Baby Play!
Infants learn by playing and they play as they learn. Play is spontaneous, experimental and fun. During their first year, children play by manipulating objects in their world. As your baby’s body and brain grow, so does his capacity for playing and learning.
• Before Three Months: His reflexes drive most of what your baby does, so his play focuses on his body. He waves his hands around in front of his eyes and face, and twiddles with his fingers.
• By Four Months: His vision is improving and so are his fine motor movements; your baby now has the ability to grasp. Anything that’s in his reach becomes fair game for grabbing, manipulating and examining.
• By Six Months: He can coordinate the movement of his two hands and he’s amazed by this feat.
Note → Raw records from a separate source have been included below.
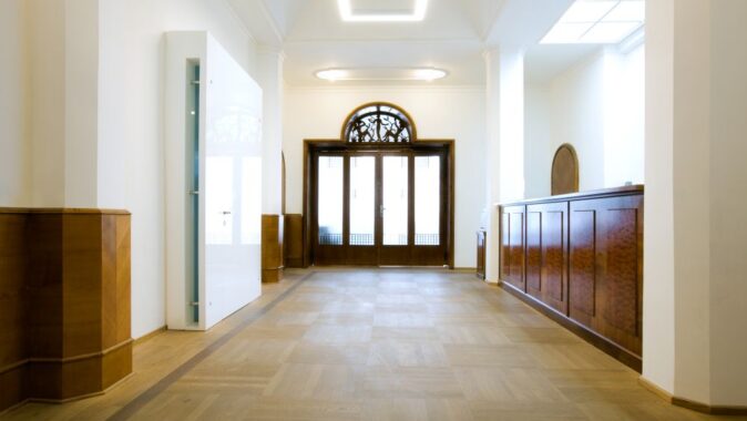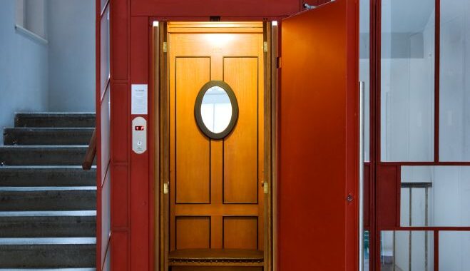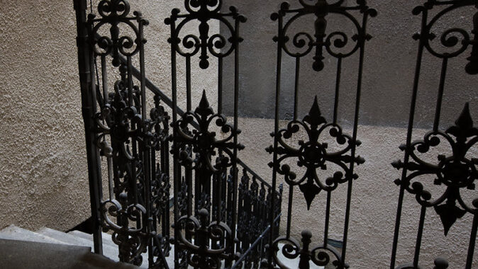 krásný výtah z roku 1928. Jeho dráha byla prodloužena do podkroví, kde vznikly
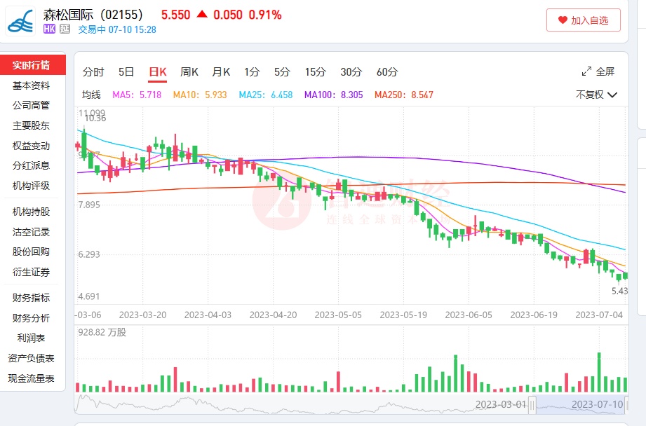 在宣布若干董事于近日选择行使购股权事项,并于其后出售部分股份后,森松国际(02155)遭遇二级市场投资者毫不留情的“用脚投票”,7月7日盘中低见5.43港元,创2022年3月以来新低。
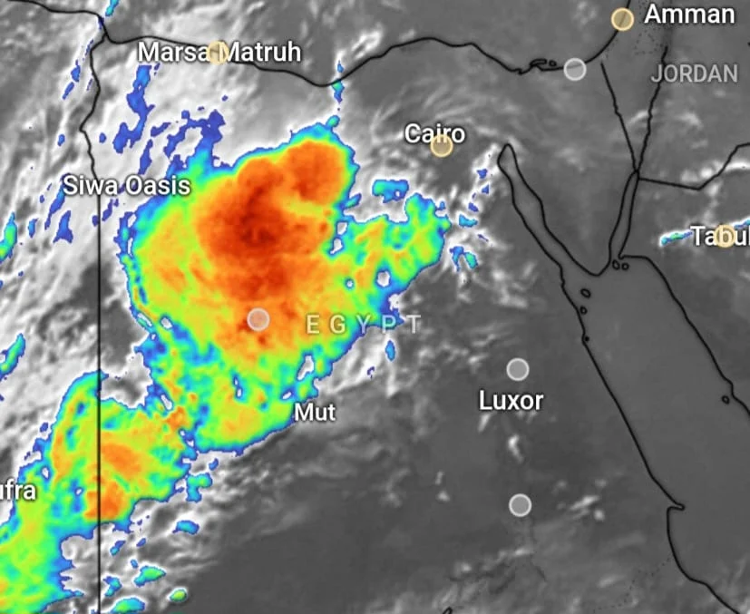 كشفت هيئة الأرصاد الجوية عن حالة من عدم اسقرار الأحوال الجوية وفق آخر صور لـ الأقمار الصناعية، التي أشارت إلى غطاء سحابي كثيف من السحب المنخفضة والمتوسطة والعالية يغطي الصحراء الغربية يصاحبه سقوط أمطار متفاوتة الشدة تكون رعدية أحيانا.

He can spend hours passing blocks back and forth from hand to hand, listening to the sounds they make when clanked and learning that they are solid.
• By Seven Months: He has developed a powerful memory and he now learns that objects do not disappear when he cannot see them. Armed with this newfound insight, peek-a-boo and pop-up toys zoom to the top of the chart as favorite play activities, and dropping toys off his high chair becomes a source of never-ending delight.
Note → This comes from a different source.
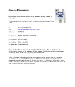 Mechanism of enhancement of intumescent fire retardancy by metal acetates in polypropylene
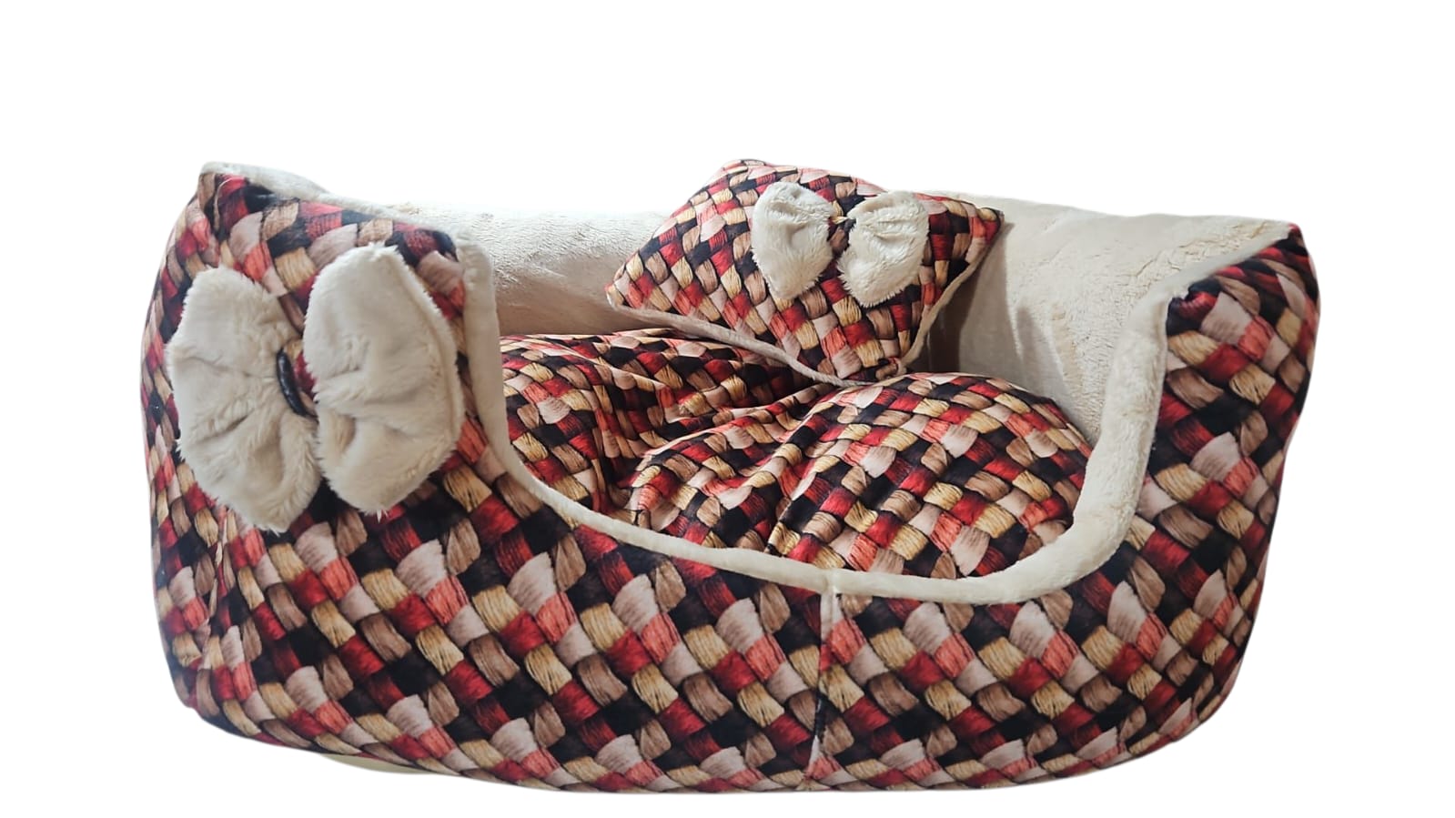 Una cama elegante y acogedora que combina diseño y confort a la perfección. Su estampado tipo trenzado en tonos cálidos —rojos, marrones y beige— aporta un toque sofisticado al hogar, mientras que su interior de peluche suave ofrece una sensación envolvente de bienestar. Incluye cojín y lazos decorativos a juego, pensados para mimar a tu mascota con estilo.

• Remainder of the First Year: With improving memory and reasoning skills, your baby begins to focus on what-if games. What happens if I push this train on the rug, or on the couch or on the hardwood floors? What happens if I drop my block into the cup of milk? Over these few months, your baby learns by playing scientist. He can use more than one item in his games now, and likes to hold, carry and drop things.
In the end, each of these actions learned at these ages has taught the child a lesson, providing invaluable experience about his environment and how to control both himself and the things in it.